My point is that such differences are a structural fact of campus life and that it is futile to conceal them or pretend they don't exist. A better alternative is to make those facts known far and wide -- and that includes making budgets available for all to see -- so that everyone understands how the university works.

The truth is that a culture of secrecy breeds mistrust and paranoia; openness and transparency lay the groundwork for understanding. As a seasoned vice president for finance once told me, "People always imagine much greater inequities than really exist. When they see the actual figures, they learn that their fears were greatly exaggerated or completely unfounded."

That is precisely what my provost friend fails to see. Concealing the formula he uses to calculate merit-based raises is most likely to cause some faculty members to imagine, ipso facto, that they were done some injustice in the process -- that the colleague in the office next door fared better than should have been the case.

I would even go so far as to say that salaries themselves -- of administrators as well as faculty members -- should be available for all to see, as is the practice in many public institutions. Transparency in such matters, and the accountability that attaches to it, is always and only a virtue, never something to be feared.

Of course, certain aspects of academic administration must necessarily remain confidential. Administrators are obligated, for example, to protect privacy in personnel matters like disciplinary actions. It would be inappropriate for a department head, say, to divulge details of a dispute to individuals not directly involved in the case. Or for a dean to discuss confidential personnel issues involving a department head with individuals unrelated to the department or the case.

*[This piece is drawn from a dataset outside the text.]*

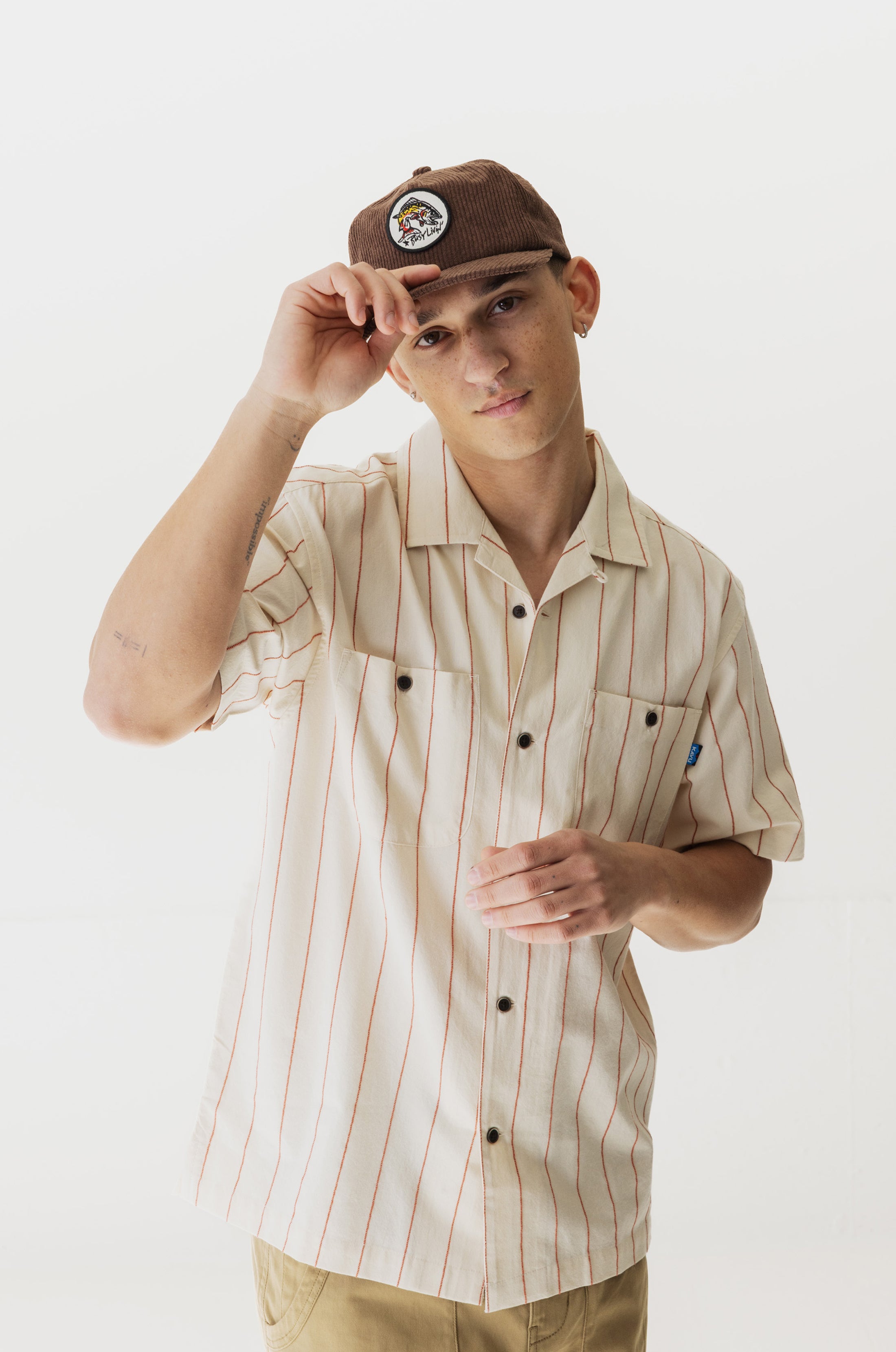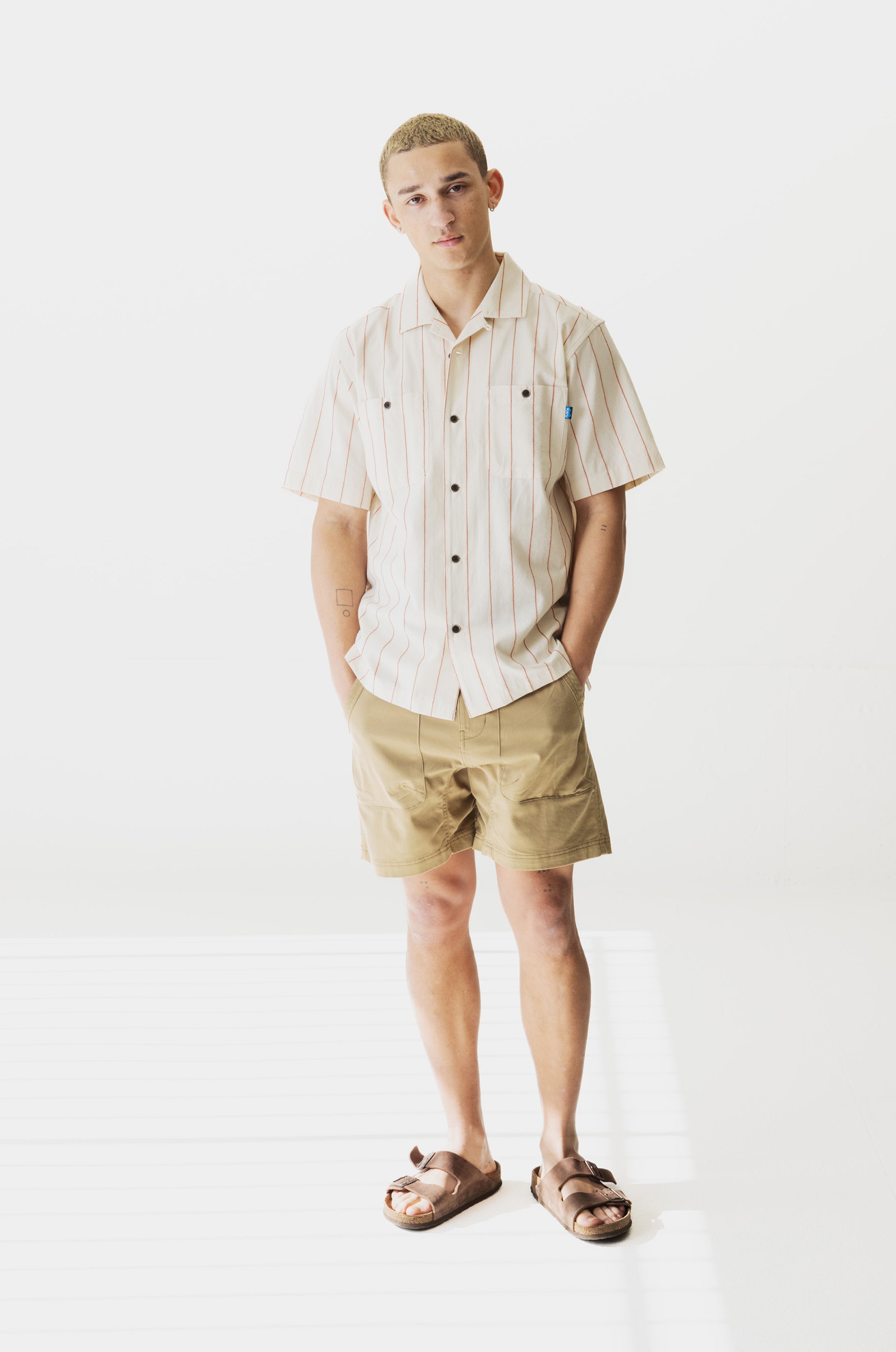 KAVU Island Bound Short Sleeve Shirt (Sand Stripe)

The details of personnel cases should be revealed only on a need-to-know basis so as to protect those involved. Discretion in those kinds of scenarios serves a positive purpose: protecting reputations. Secrecy in most other venues of academic governance, however, rarely serves a positive purpose.

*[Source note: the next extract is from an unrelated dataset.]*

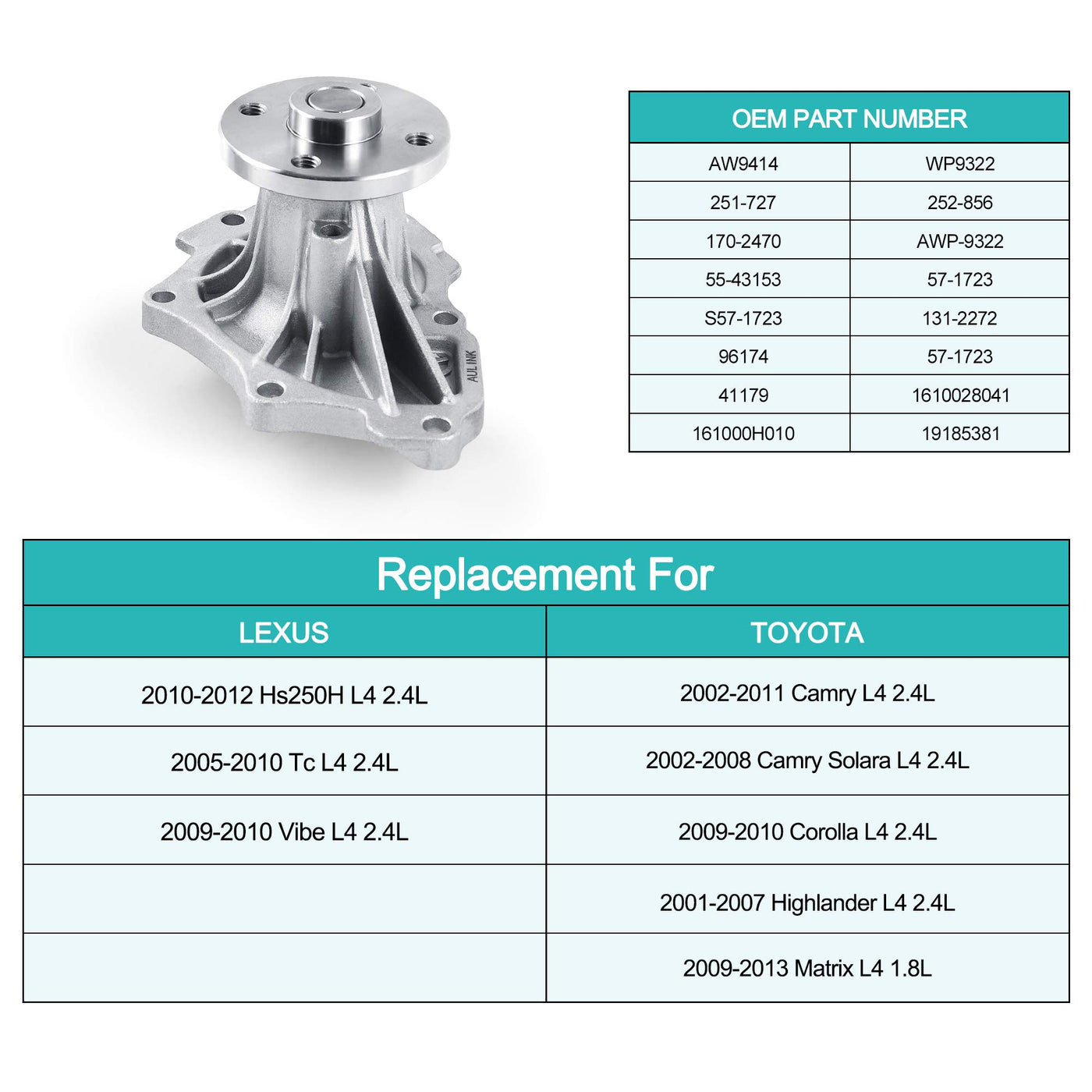 Aulink Aw9414 Water Pump Kit For Toyota Camry Corolla Highlander Matrix Rav4 Solara, Lexus Hs250H, Pontiac Vibe, Scion Tc Xb, 2.0L 2.4L L4 Engine

Having said all that, I don't want to seem to suggest that injustices don't exist. Clearly they do. In a given context, a program may receive a disproportionate amount of resources, or one group or individuals may benefit unduly as a result of favoritism. But such specific injustices are different in kind from the network of structural differences I've been discussing -- the fact that some individuals, programs, or units are costlier than others as a consequence of market forces and a host of other material considerations.

In fact, fostering a climate of openness and transparency is the first step to correcting the kinds of injustices that do exist. It is much easier to distinguish between genuine injustices and structural differences (and then to take measures to rectify the former) once academic budgets and other important documents and decision-making procedures are out in the sunshine for all to examine.

What's more, promoting such a climate of openness will help dissipate the us-versus-them attitude that too often plagues academe.

So my response to my dean friend is: "You need not worry about class warfare if you do two things: Provide clearly articulated explanations of how and why structural differences exist, and make your budgets and other key documents and procedures available to all. Better to empower people with knowledge than cripple them with fear."